> Problem statement
When copying the listing below, skip every picture and keep each word as it stands.

> Provided records
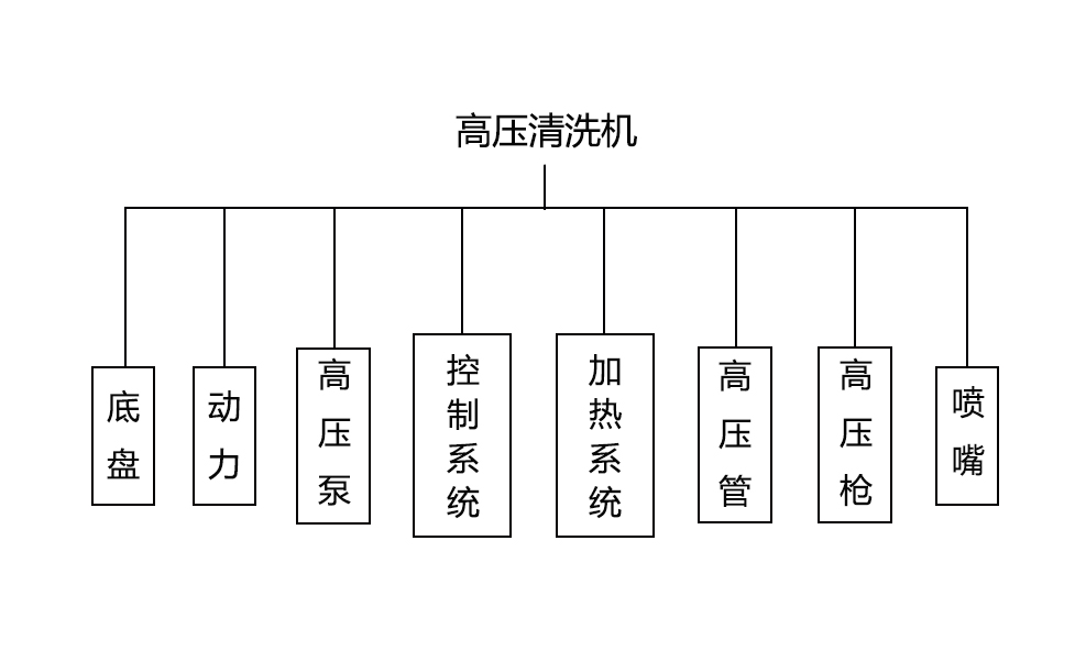 高壓清洗機組成部分:底盤-動力-高壓泵-控制系統(tǒng)-高壓管-高壓槍-噴嘴。
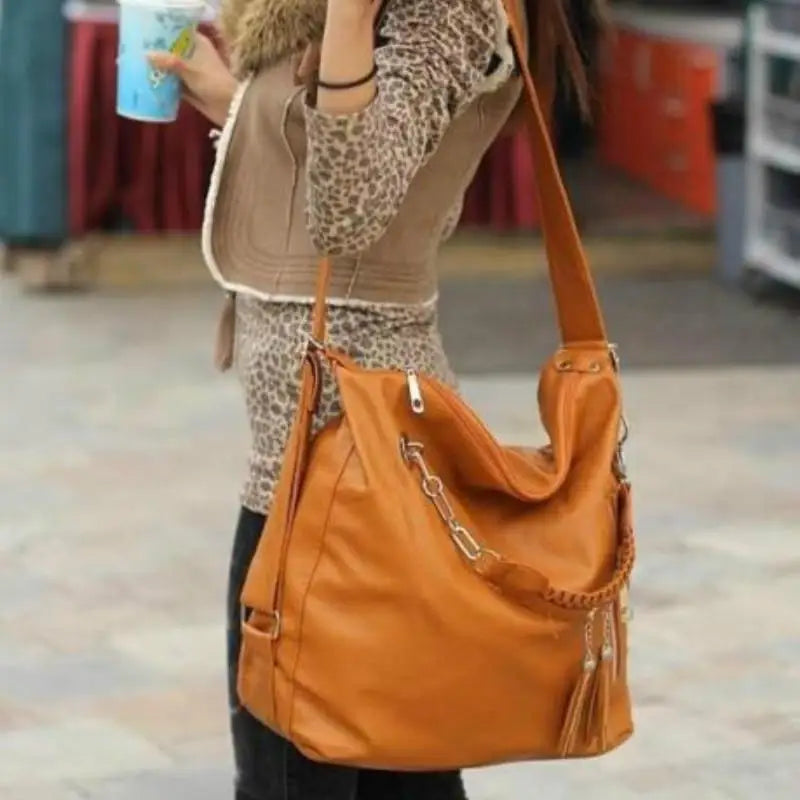 Women's Dual-use PU Leather Crossbody Shoulder Bag Tote Messenger Hobo Bag
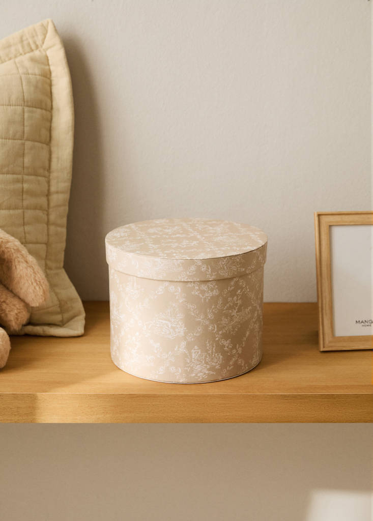 100% papel. Diámetro: 20cm. Altura: 15cm. Caja infantil estampada con diseño decorativo y romántico. Cilíndrica y con tapa, fabricada con un material de estilo cartón rígido, lo que le proporciona una estructura sólida pero ligera. De tamaño mediano, perfecta para guardar pequeños juguetes, accesorios o recuerdos, funciona tanto como elemento de almacenamiento como de pieza decorativa. Disponible en dos tamaños
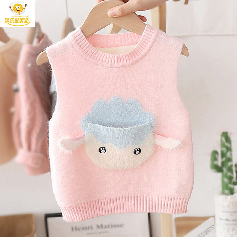 女童保暖加绒加厚毛衣马甲针织
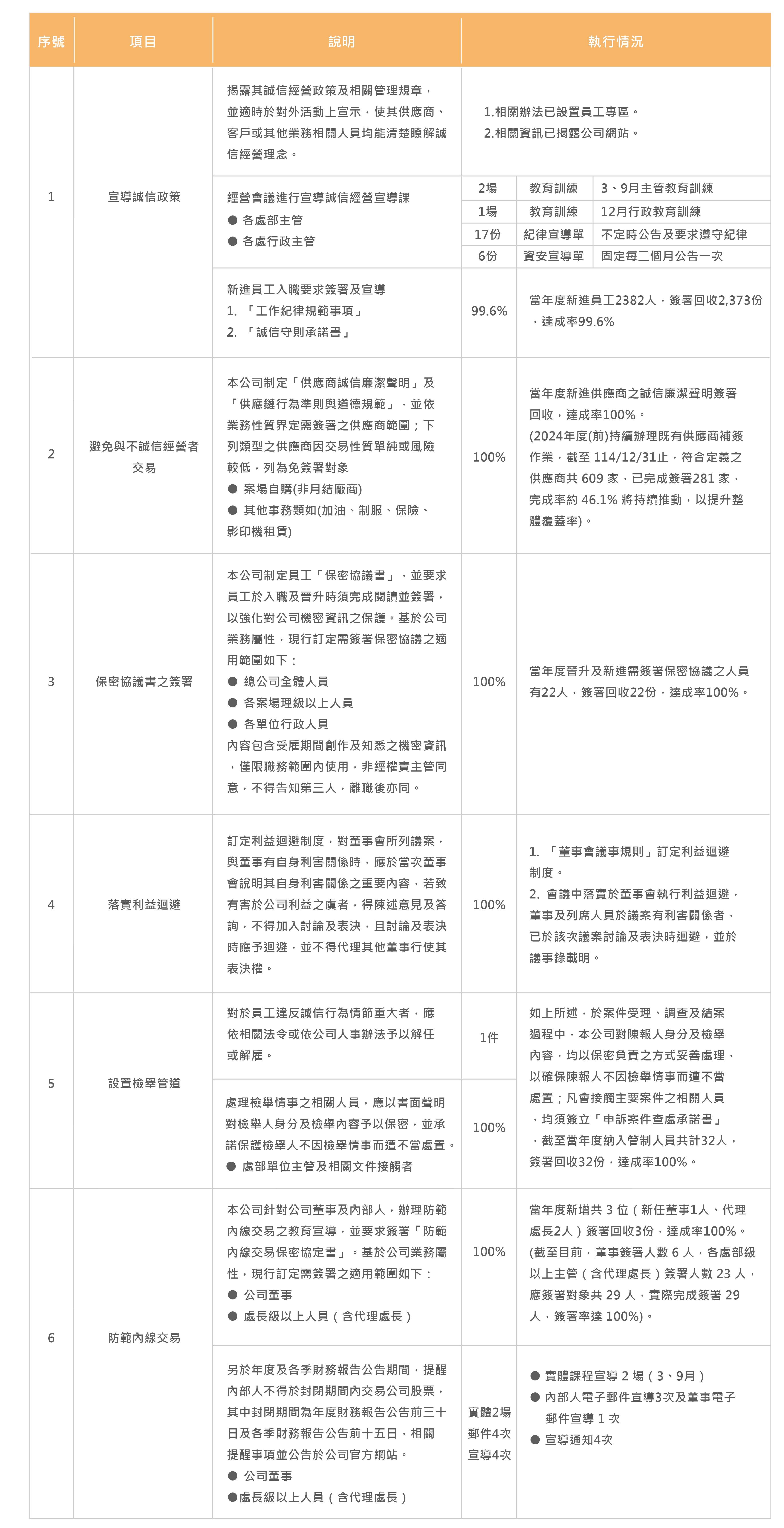為建立誠信經營之企業文化及落實誠信經營管理,本公司秉持廉潔、透明及負責之經營態度,並訂定相關管理辦法以作為誠信經營遵循之政策,以規範本公司所有利害關係人有關誠信行為之標準,杜絕公司有不誠信情事發生,同時所有員工在執行公司業務時必須廉能公正及遵守政府法令及規定,相關辦法皆存放於本公司員工專區。
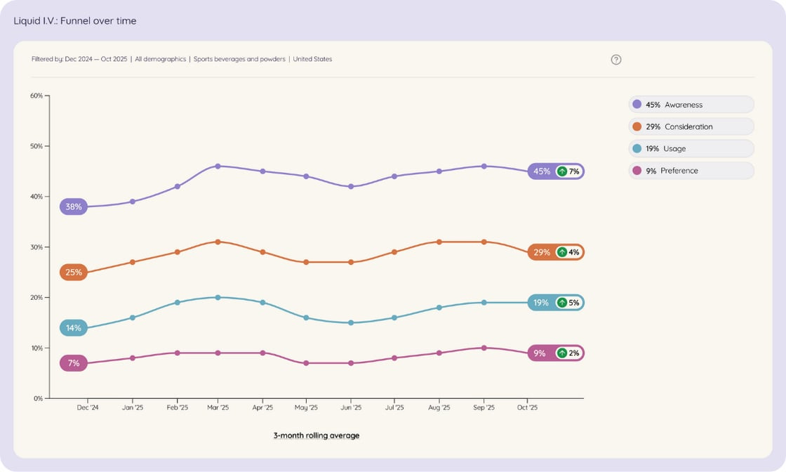According to Tracksuit data, between December 2024 and November 2025, within the Sports Beverages and Powders category, Liquid I.V. recorded growth across the entire funnel: awareness increased from 38% to 46%, consideration from 25% to 29%, claimed usage from 14% to 20%, and preference from 7% to 9%.

> Answer for the task
 高壓清洗機組成部分:底盤-動力-高壓泵-控制系統(tǒng)-高壓管-高壓槍-噴嘴。
 Women's Dual-use PU Leather Crossbody Shoulder Bag Tote Messenger Hobo Bag
 100% papel. Diámetro: 20cm. Altura: 15cm. Caja infantil estampada con diseño decorativo y romántico. Cilíndrica y con tapa, fabricada con un material de estilo cartón rígido, lo que le proporciona una estructura sólida pero ligera. De tamaño mediano, perfecta para guardar pequeños juguetes, accesorios o recuerdos, funciona tanto como elemento de almacenamiento como de pieza decorativa. Disponible en dos tamaños
 女童保暖加绒加厚毛衣马甲针织
為建立誠信經營之企業文化及落實誠信經營管理,本公司秉持廉潔、透明及負責之經營態度,並訂定相關管理辦法以作為誠信經營遵循之政策,以規範本公司所有利害關係人有關誠信行為之標準,杜絕公司有不誠信情事發生,同時所有員工在執行公司業務時必須廉能公正及遵守政府法令及規定,相關辦法皆存放於本公司員工專區。
According to Tracksuit data, between December 2024 and November 2025, within the Sports Beverages and Powders category, Liquid I.V. recorded growth across the entire funnel: awareness increased from 38% to 46%, consideration from 25% to 29%, claimed usage from 14% to 20%, and preference from 7% to 9%.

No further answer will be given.